Nonlinear structure formation in the Cubic Galileon gravity model

TL;DR

This paper investigates the nonlinear growth of large-scale structures in the Cubic Galileon gravity model using N-body simulations, revealing modest enhancements in clustering and halo formation due to the Vainshtein screening mechanism.

Contribution

It provides the first detailed N-body simulation analysis of the Cubic Galileon model, including the Vainshtein screening, and compares its predictions with observational data.

Findings

Matter power spectrum increases by ~25% compared to ΛCDM.

Vainshtein screening limits the fifth force's impact on nonlinear scales.

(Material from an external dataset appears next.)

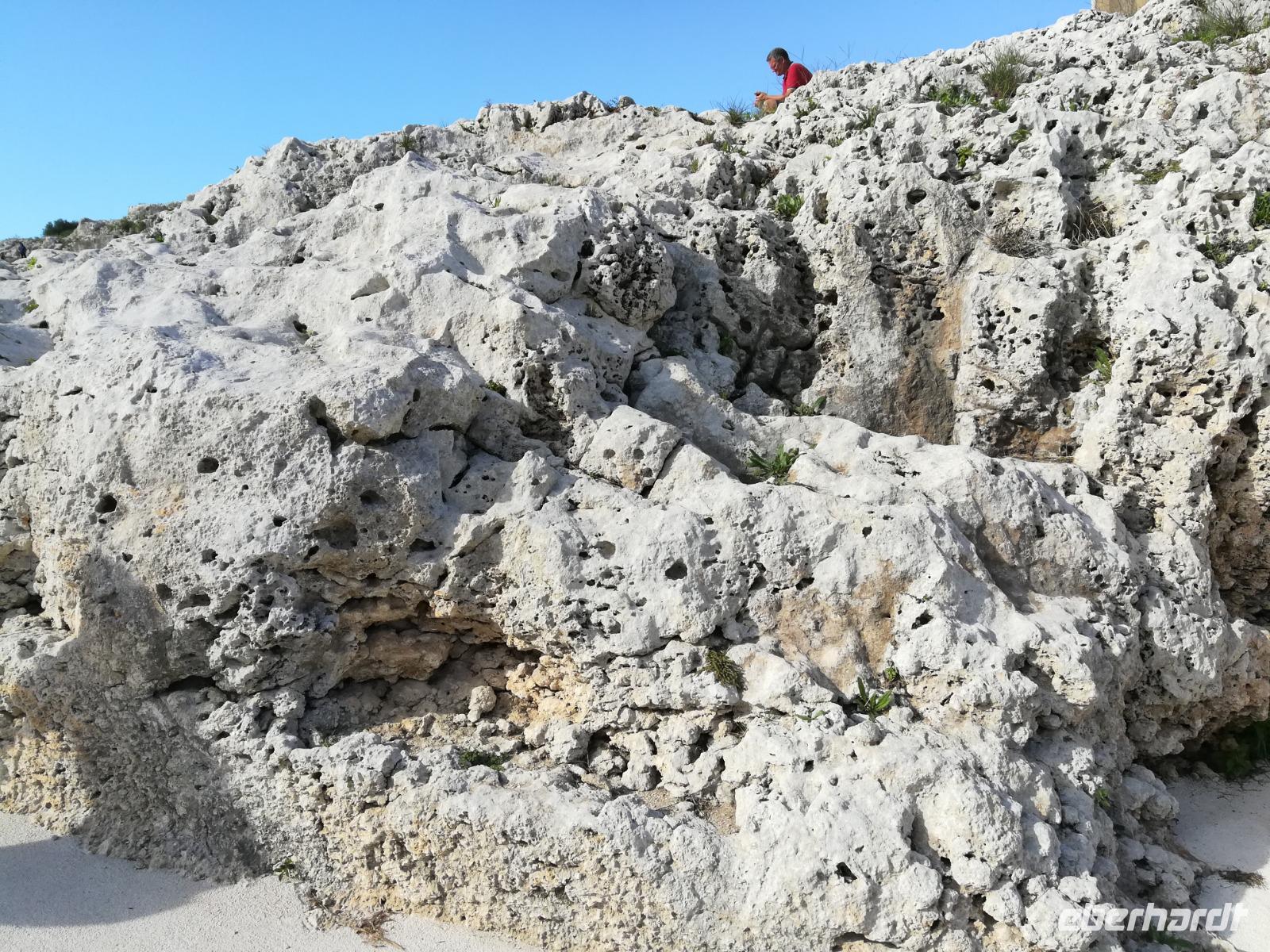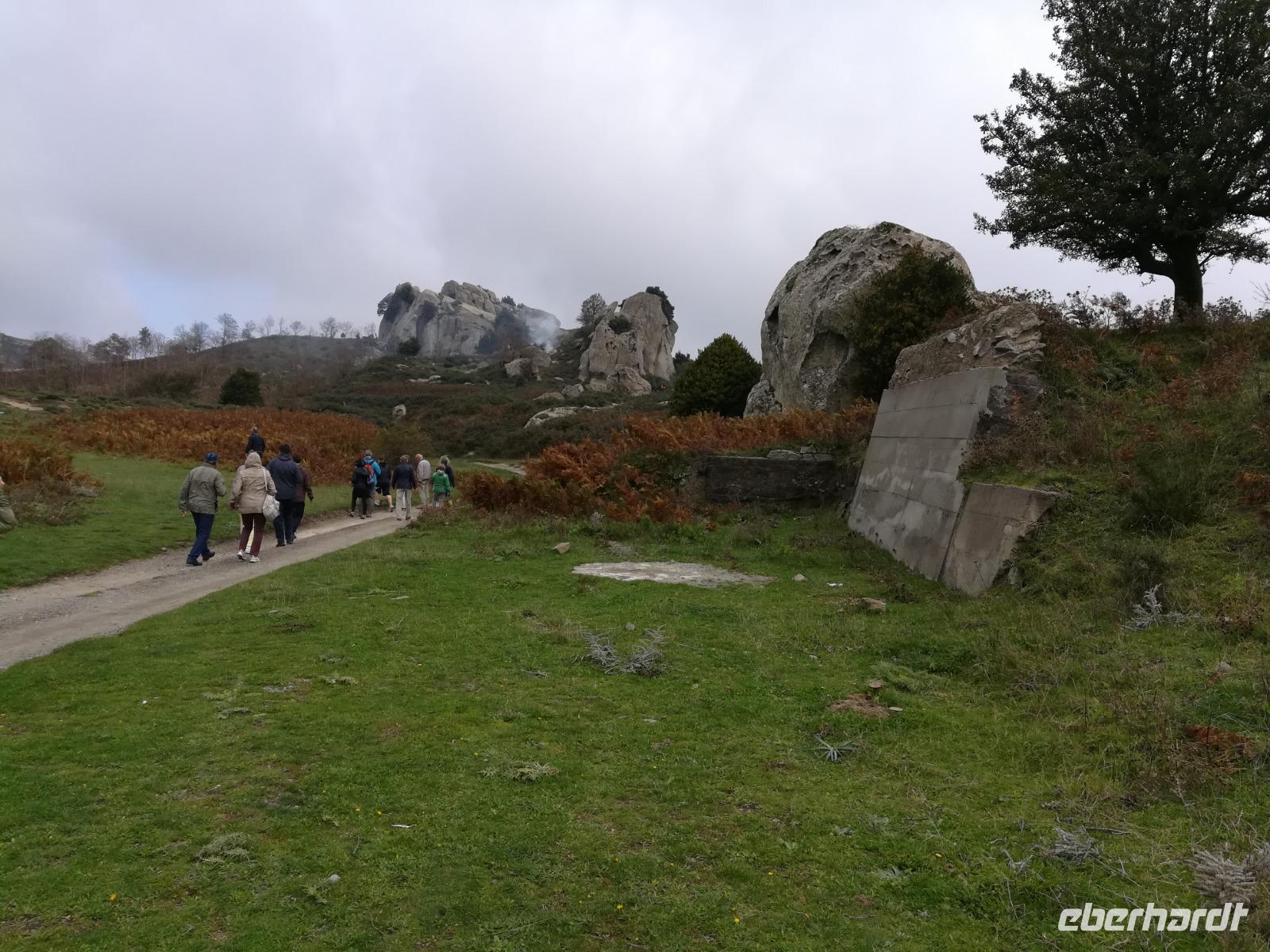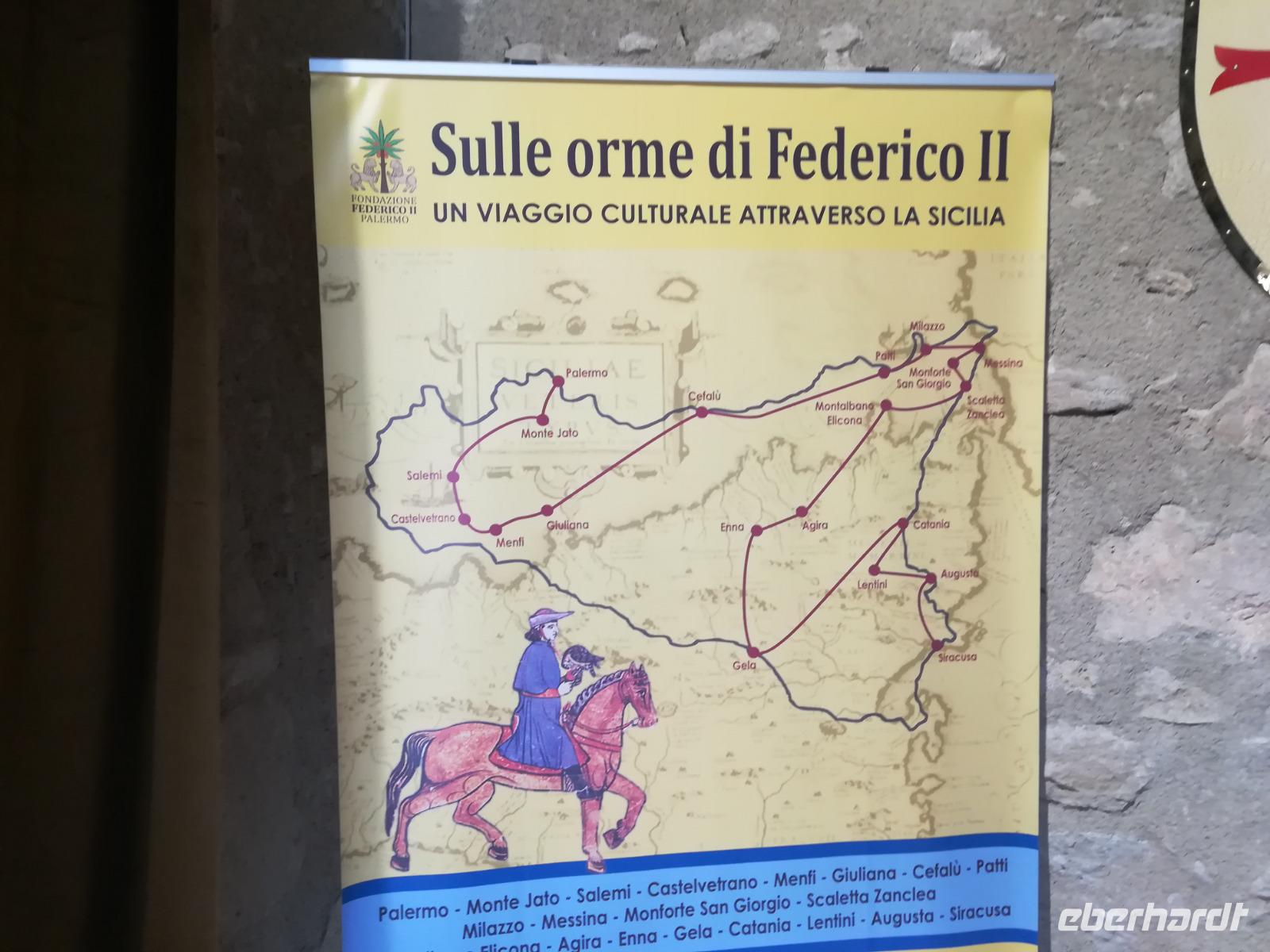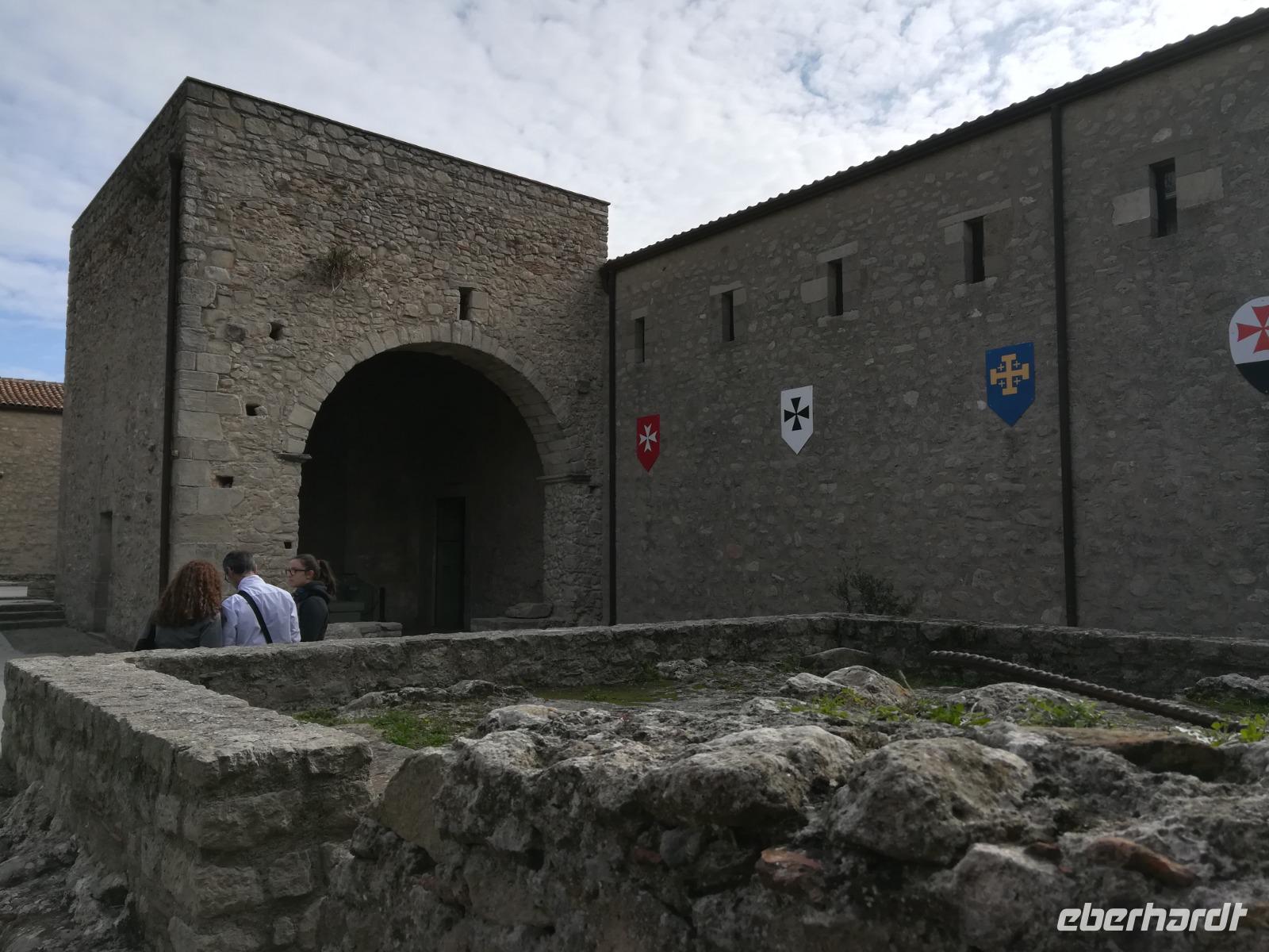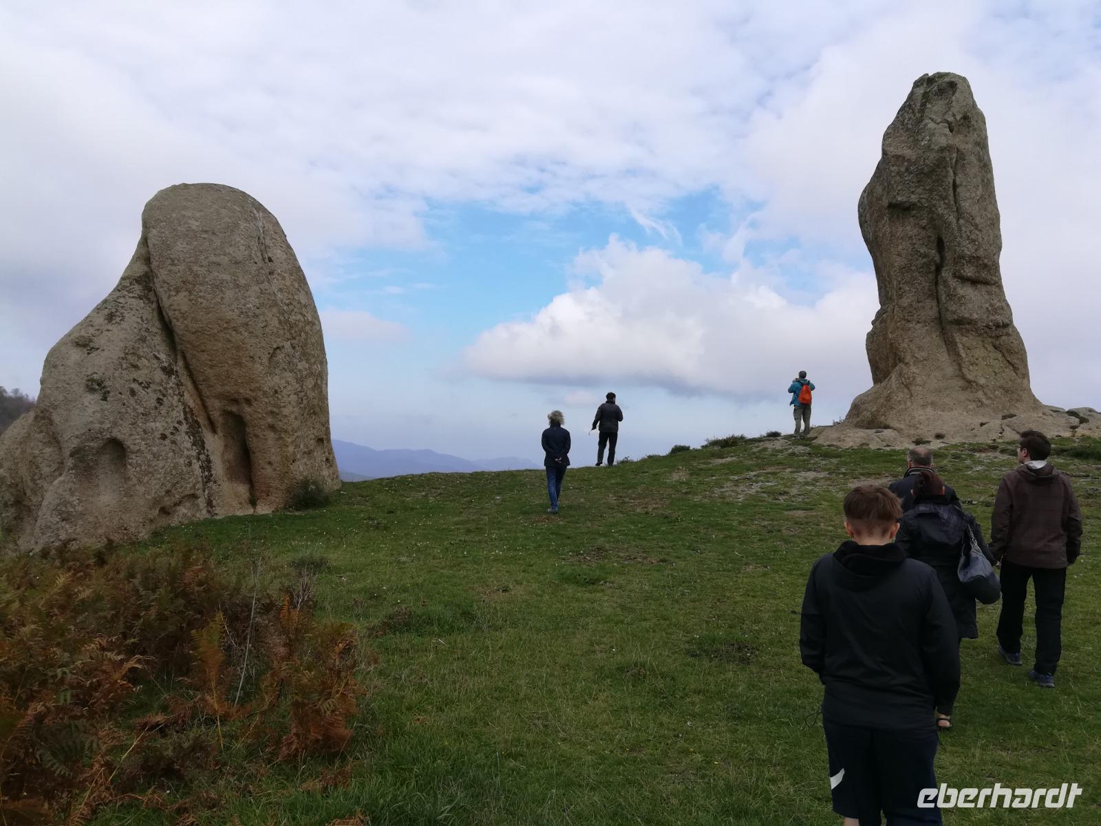 Auf dem Weg dahin geht es in die Berge, bis auf 900 m hoch ins Nebrodigebirge nach Montalbano Elicona. Hier besuchen wir ein hoch oben gelegenes Schloss aus dem 14.Jh, das von Friedrich II. von Aragon bewohnt wurde. Mögliche Ausblicke bis zu den Äolischen Inseln bleiben uns heute durch etwas diesiges Wetter verwehrt. Weiter geht unsere Fahrt auf die Hochebene von Argimusco zu den Megalithen. Dieses sind riesige Felsbrocken in ganz bizarren Formen, die volkstümlich mit Mammut, Elefant und Ochse bezeichnet werden. Dann fahren wir auf einem sehr huckligen Weg zu einer Milchwirtschaft, wo wir verköstigt werden mit typischen regionalen Produkten. Dass der Rotwein aus dem Kühlschrank serviert wurde, war etwas ungewöhnlich, konnte aber den Eindruck der Verkostung nicht weiter mindern.

Model matches small-scale CMB data but shows tension with ISW effect.

Abstract

We model the linear and nonlinear growth of large scale structure in the Cubic Galileon gravity model, by running a suite of N-body cosmological simulations using the {\tt ECOSMOG} code. Our simulations include the Vainshtein screening effect, which reconciles the Cubic Galileon model with local tests of gravity. In the linear regime, the amplitude of the matter power spectrum increases by $\sim 25%$ with respect to the standard $\Lambda$CDM model today. The modified expansion rate accounts for $\sim 20%$ of this enhancement, while the fifth force is responsible for only $\sim 5%$. This is because the effective unscreened gravitational strength deviates from standard gravity only at late times, even though it can be twice as large today. In the nonlinear regime ($k \gtrsim 0.1 h\rm{Mpc}^{-1}$), the fifth force leads to only a modest increase ($\lesssim 8%$) in the clustering power on all scales due to the very efficient operation of the Vainshtein mechanism. Such a strong effect is typically not seen in other models with the same screening mechanism. The screening also results in the fifth force increasing the number density of halos by less than 10%, on all mass scales. Our results show that the screening does not ruin the validity of linear theory on large scales which anticipates very strong constraints from galaxy clustering data. We also show that, whilst the model gives an excellent match to CMB data on small angular scales ($l \gtrsim 50$), the predicted integrated Sachs-Wolf effect is in tension with Planck/WMAP results.